Good morning. Let’s basketball.
Marie Antoinette With a Rose; Elisabeth Vigee Le Brun; 1783
Earlier this week, I got an email from a longtime reader that sparked some thoughts. From Michael:
I've been reading your stuff for years and am a happy subscriber. My basketball nerd buddies and I all appreciate your coverage and often the content of your newsletter kickstarts our daily convos about the league.
But I'm begging you to figure out a different way to cover the Warriors. I get it -- you don't like them. And you really don't like Draymond Green. The thing is...I don't think Draymond reads your stuff, but Warriors fans do.
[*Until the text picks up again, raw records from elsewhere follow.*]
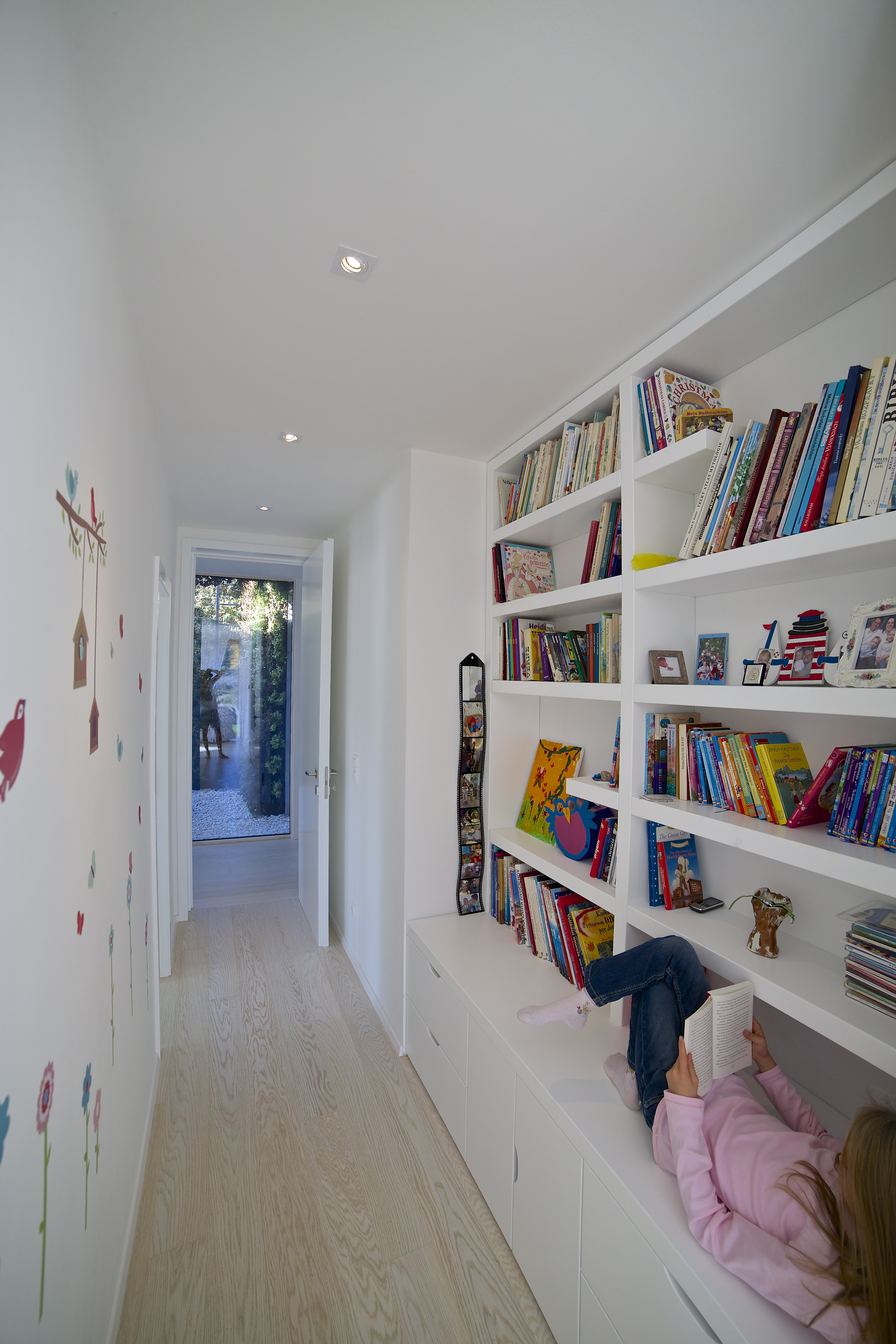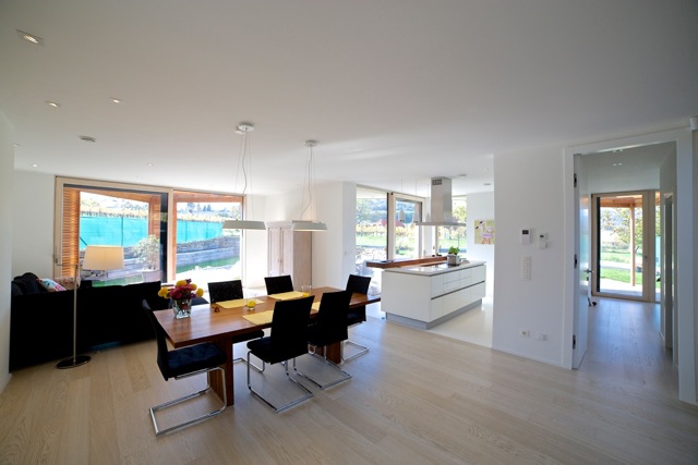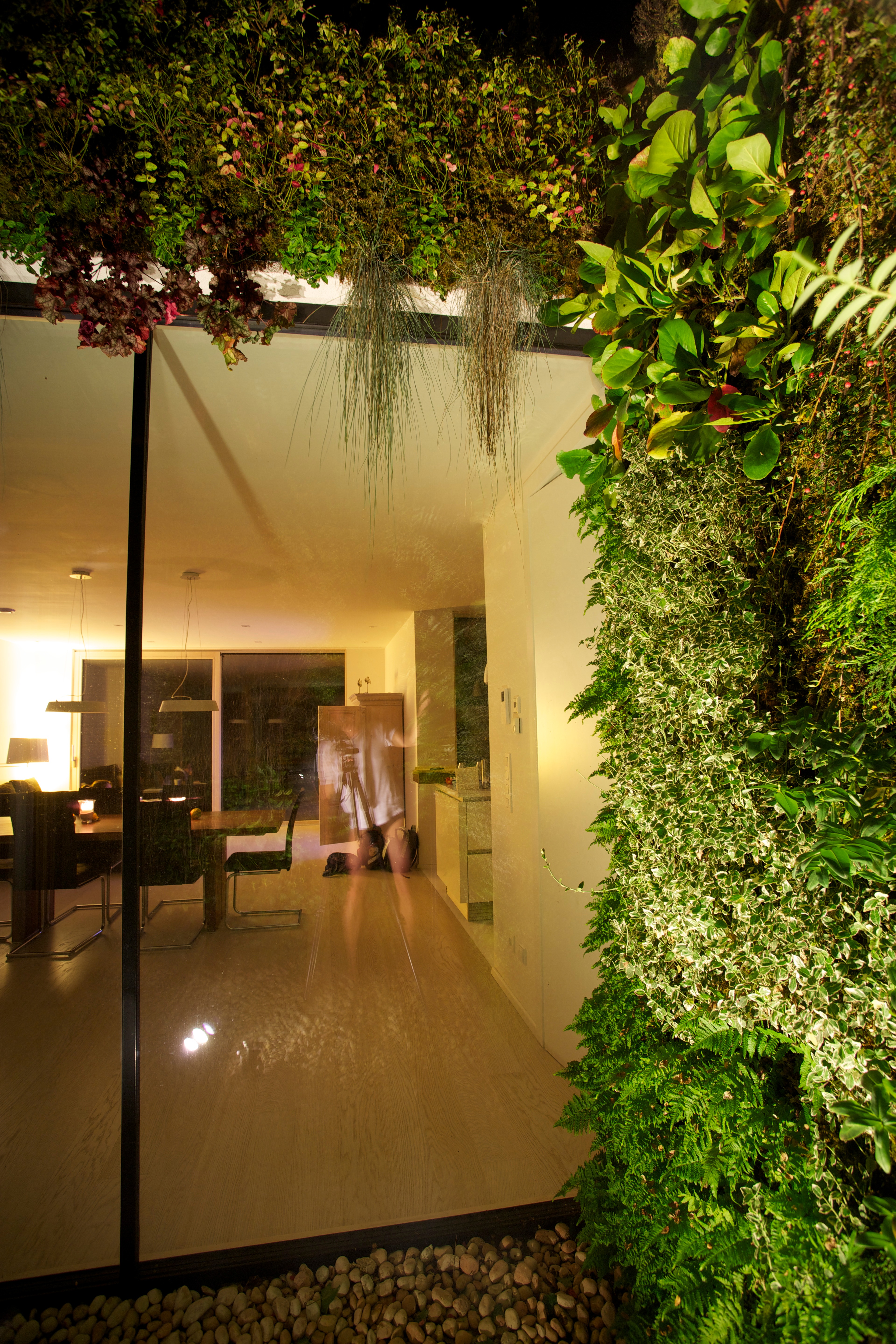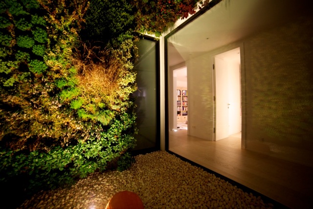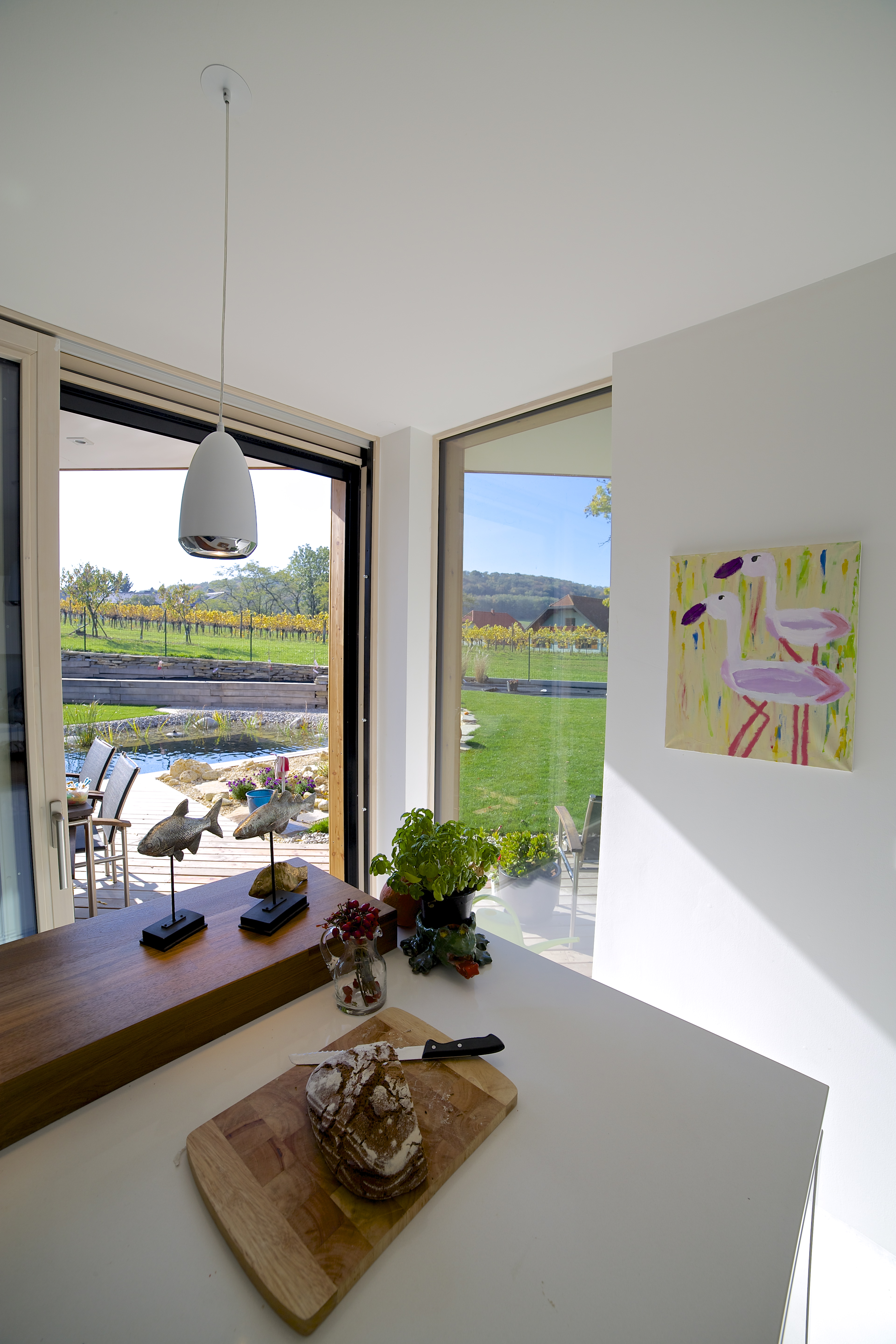Týmto rastrovaním sa zabráni oslneniu počas horúcich letných dní, ale počas zimného obdobia alebo pri východe, či západe Slnka budú lúče voľne padať do interiéru. Pre prípadné prevádzkové zatienenie vnútorných miestností aj pri nižších polohách Slnka, ale aj pre zabezpečenie intimity pri väčších presklenných plochách, bude slúžiť systém posuvných žalúzií, pohybujúcich sa po vonkajšej štvorcovej hrane domu. Vnútornú atmosféru domu ešte dopĺňajú dva výrazné architektonické prvky: otvorené átrium so živým stromom a jednoduchou „parkovou“ úpravou /tráva, štrk podsyp/ a veľký strešný svetlík v detskej kúpelni, ktoré umožnia prestupu denného svetla do „hĺbky“ interiéru, ale aj netradičných priehľadov a výhľadov na dennú resp. nočnú oblohu.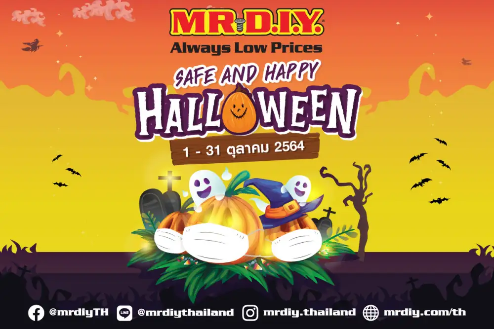 มิสเตอร์. ดี.ไอ.วาย. ผู้ค้าปลีกสินค้าตกแต่ง และซ่อมแซมบ้านรายใหญ่ที่สุดในเอเชีย จัดขบวนสินค้าต้อนรับฮาโลวีนที่ร้านมิสเตอร์. ดี.ไอ.วาย. กับสินค้าตกแต่งเทศกาลฮาโลวีนมากมายที่ทำให้คุณได้อินเทรนด์ ไม่ว่าจะเป็นหน้ากากแฟนซี หมวกประดับศรีษะ ชุดแฟนซี ไฟประดับตกแต่ง และอื่น ๆ อีกมากมาย จัดเต็มพร้อมจะออกไปทริค ออทรีด แบบ New Normal แล้วมาพบกับสินค้าเทศกาลฮาโลวีนได้ ตั้งแต่วันนี้ ถึง 31 ตุลาคม 2564 ที่ร้านมิสเตอร์. ดี.ไอ.วาย. สาขาที่ร่วมรายการ และจนกว่าสินค้าจะหมด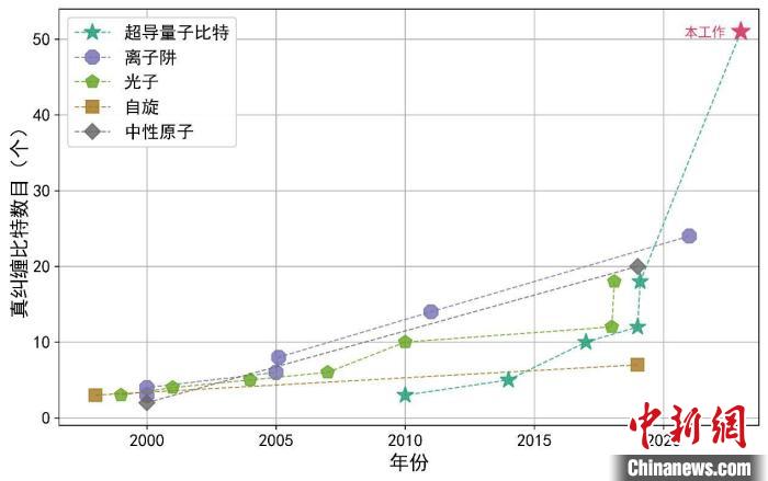 量子真纠缠态比特数目的发展历史。 中国科大 供图

And this whole season has been kind of a bummer in both the overall tone and specific topics for our squad.
When they're doing well, your coverage is like "here's how they could soon be doing worse!" Even the game recaps are too often sour. Why look into a nice floor game from Pods when you could share another Draymond tech?
I've cheered for terrrrrrible Warriors teams, and incredible ones, and mediocre ones. I've had emotional stakes in Bimbo Coles and Bob Sura, man! Chill out on us. Please consider covering the Dubs as you would the Jazz or whatever. Because it's getting weird!!
Since I started writing about the entire NBA and not just the Kings in early 2006 for AOL FanHouse, I’ve tried to be as impartial and fair in my assessment about 28 teams. I was never going to be able to be dispassionate about the Kings (having grown up as a Kings fan because my suburb between Oakland and Sacramento got KMAX, which carried the Kings; lucky me) and I was never going to be able to be dispassionate about the Lakers. That was just a part of the deal.
Despite playing 90 minutes from each other, the Kings and Warriors had no rivalry whatsoever. Games were often entertaining, and you’d get Kings fans at Oracle Arena or Warriors fans at ARCO Arena, depending on which team was doing better. From the Kings’ Sacramento move in 1984 on, the two teams famously never made the playoffs in the same season until 2023. And that’s where we pick up our story, because yes, I became partial and unfair when that series happened two years ago. It broke my ability to be dispassionate about Draymond Green specifically and the Warriors broadly.
Green, of course, stomped on Domantas Sabonis’ chest and then acted like he was the victim of persecution. Steve Kerr, who has had a front row view of Green’s violent tendencies, backed him (which is his job but is still disappointing). Warriors fans and pro-Warriors analysts, high off the surprise 2022 championship and full of hubris, accused Sabonis of using the ball as a weapon and really went hard on Domas for his inability to rebound better than Kevon Looney. It felt deeply personal. And then, you know, Wardell Stephen Curry II ripped the still-beating hearts from Kings fans’ chests in Game 7 in one of the most soul-shredding ways possible.
Watching Steph do that to other teams is awe-inspiring and electric. Watching him do that to your team feels like a particularly painful death. He’s one of one, and so Warriors fans can’t possibly understand how it feels. It’s unlike Death By LeBron or Death By Jokic or anything else. It’s a unique feeling of despair and helplessness. It felt nearly as bad in the moment as anything that happened against the Lakers. (Nearly.)
Because I love and appreciate Steph as a player in a way I never liked Kobe or Shaq (who is a weird special case all his own), I thought I could get past what he and that team did to the Kings in 2023. But that was wrong, because the immense glee I felt when Sacramento destroyed the Warriors in the play-in last year despite knowing full well the Kings were wholly doomed was not natural.